This week’s emergency medicine CME case study is certainly unique. Here’s a quick recap for those of you who missed it (I originally post all our emergency medicine case studies over on the CME4LIFE Facebook page – be sure to like us and join the conversation!): A man from a local homeless shelter (Jack) was brought to ED because he “wasn’t acting right,” per his bunk mate. There were vague historical details. He came to the shelter the previous night and had no history of trauma.
Jack is thrashing about without intention. He’s not making sense and is not answering questions.
So what’s the diagnosis?
This guy drank ethylene glycol (antifreeze) earlier that night at the homeless shelter. So, this was a toxic overdose of the most fascinating kind.
Let’s face it… altered mental status could be almost anything. The differential diagnosis is wide and you have to throw out a large net.

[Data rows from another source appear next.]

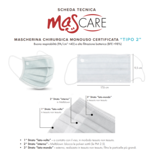 Un’altra delle caratteristiche di MasCare è che si tratta di un prodotto 100% Made in Italy. Secondo lo studio del barometro Kantar Covid-19 – Wave3, il principale studio dell’influenza del Covid-19 sul comportamento dei consumatori, il 70% degli italiani attualmente preferisce acquistare prodotti locali. Frutto di questo periodo di trasformazione mondiale è stata la possibilità di riscoprire alcuni valori universali come la sostenibilità, la sensibilità al consumo locale e il rispetto dell’essere umano. In questo modo, dal cuore della Toscana la MasCare si propone come un modo di contribuire al bene comune attraverso la solidarietà.
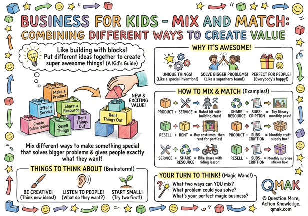 Mix and Match is like playing with building blocks. You can take different pieces (in this case, different ways of creating value) and put them together to make something new and exciting!
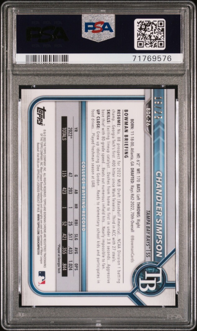 2022 Bowman Draft Chandler Simpson Chr-Orange Refractor /25 PSA 10
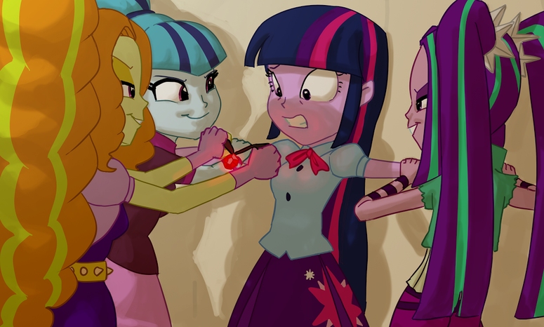 Immediately, Twilight rushed forward, trying to get to the door again, but it was too late, for Aria and Sonata then sprung into action, with the former grabbing onto her left arm while the latter grabbed her right. With an almighty push, they forced her against the wall, and no matter how hard she struggled, she couldn't get out of their grip. At first, she considered screaming for help, but that plan soon faded from her mind when she realised, to her fear, that at this time on day there would be nobody left in the school. Nevertheless, she kept trying to break free, and through her attempts, she glared angrily at Adagio.
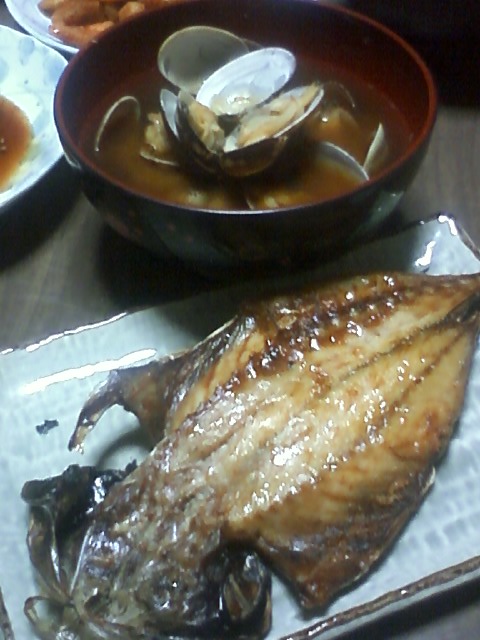 あじの開きとあさりのみそ汁
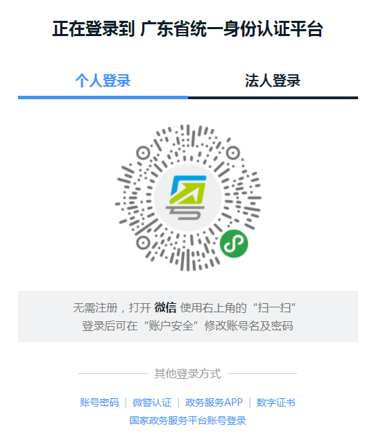 步驟三 進(jìn)入“廣東省統(tǒng)一身份認(rèn)證平臺”頁面,點(diǎn)擊“個(gè)人登錄”或者“法人登錄”,使用微信掃描“粵省事”二維碼進(jìn)行身份認(rèn)證登錄。
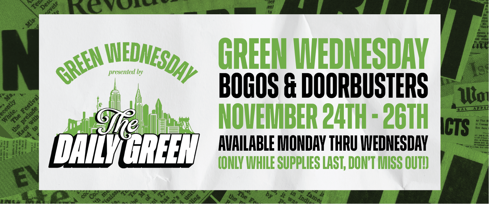 If you know about Black Friday and Cyber Monday, it’s time to add one more shopping holiday to your calendar: Green Wednesday. At The Daily Green, your Times Square cannabis dispensary and hometown paper, Green Wednesday is one of our favorite days of the year… a perfect storm of travel, tourism, and top-shelf THC.
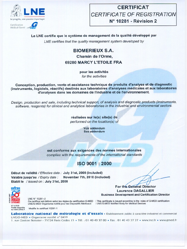 ISO 9001 Certificate LNE GMED BioMerieux FRANCE Marcy Craponne La Balme
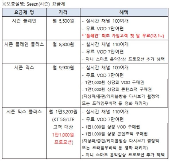 한편 KT는 시즌 출시를 맞아 KT 5G·LTE 요금제 이용 고객에게 ‘믹스 플러스’ 상품을 2200원 할인해주는 프로모션(월 1만1000원)을 진행한다. 해당 요금제에 가입하면 110여개 실시간 채널과 7만여편의 VOD, 2만2000원 상당의 유료 콘텐츠 결제 포인트, 지니뮤직의 스마트 음악감상을 모두 즐길 수 있다. 이 외에도 KT는 다양한 출시 기념 이벤트를 진행할 계획이다.
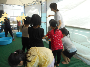 そんな中、先日水遊び&プール遊びを開始しました。プールはお天気の関係でまだ実施できていませんが、タライを使った水遊びでは水の心地よさを感じながら、楽しそうに遊ぶこどもたちの姿がありました。
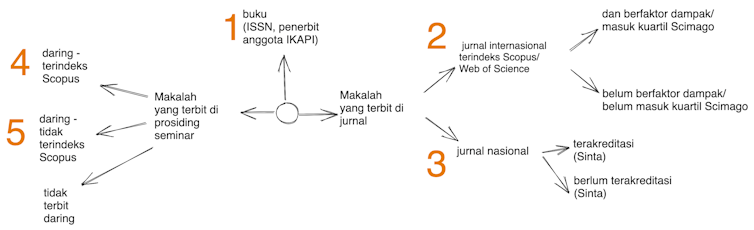 Kasta tertinggi dengan skor maksimum 40 diberikan untuk makalah yang terbit di jurnal internasional tertentu. Sementara, kasta terendah (skor hanya 1) adalah untuk artikel populer seperti yang sedang Anda baca saat ini.
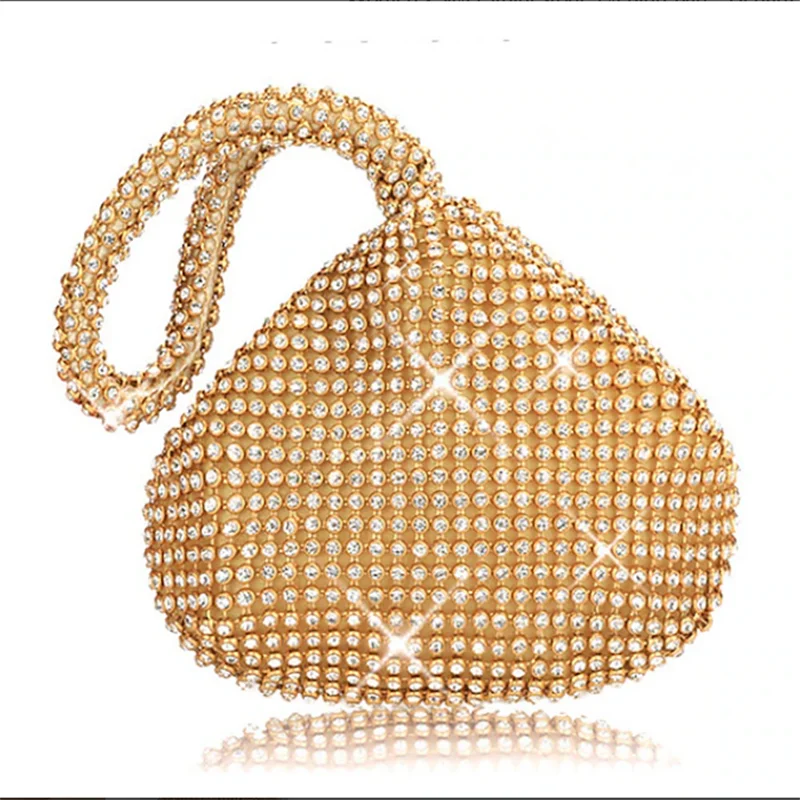 Złota Torebka Kopertówka z Diamentami, Błyszcząca Wieczorowa Torebka, Mała Modna Torebka z Łańcuszkiem z Diamentami dla Kobiet, Dodatki na Przyjęcia Weselne

Is it toxic metabolic, infectious or cerebral vascular?
There are some flags on this case: First, the respirations. Respirations are frequently documented incorrectly as, at times, the RR is documented as “16” as a mental shortcut. But, when you actually measure them, a high respiratory rate is a flag for a metabolic acidosis. There are a number of causes of metabolic acidosis. I like the mnemonic KUSSMAL. Ketones, Uremia, Salicylates, Sepsis, Methanol (or other alcohols), Aldehyde (and all others, meaning there are a few others that are less common) and Lactic Acid.
I agree with the work up suggestions a number of you folks suggested. It’s is an awesome learning experience reading your posts and suggestions!
The steps I took to make a diagnosis
I threw out a huge net. Labs included a CBC w/ diff and blood cultures, CME, Troponin, CK, Lactic acid, UA (cath) with tox, APAP and ASA, ABG. He earned himself an EKG and head CT. The flag of the ethylene glycol OD was the metabolic acidosis and low sodium. This lead to looking at serum osmolality. I don’t recommend a serum osmolality often, yet with an OD that you think MAY be an alcohol, that is when I start looking.
Without question this case is an advanced case. I always recommend this case be worked in conjunction with poison control and your supervising/collaborating physician.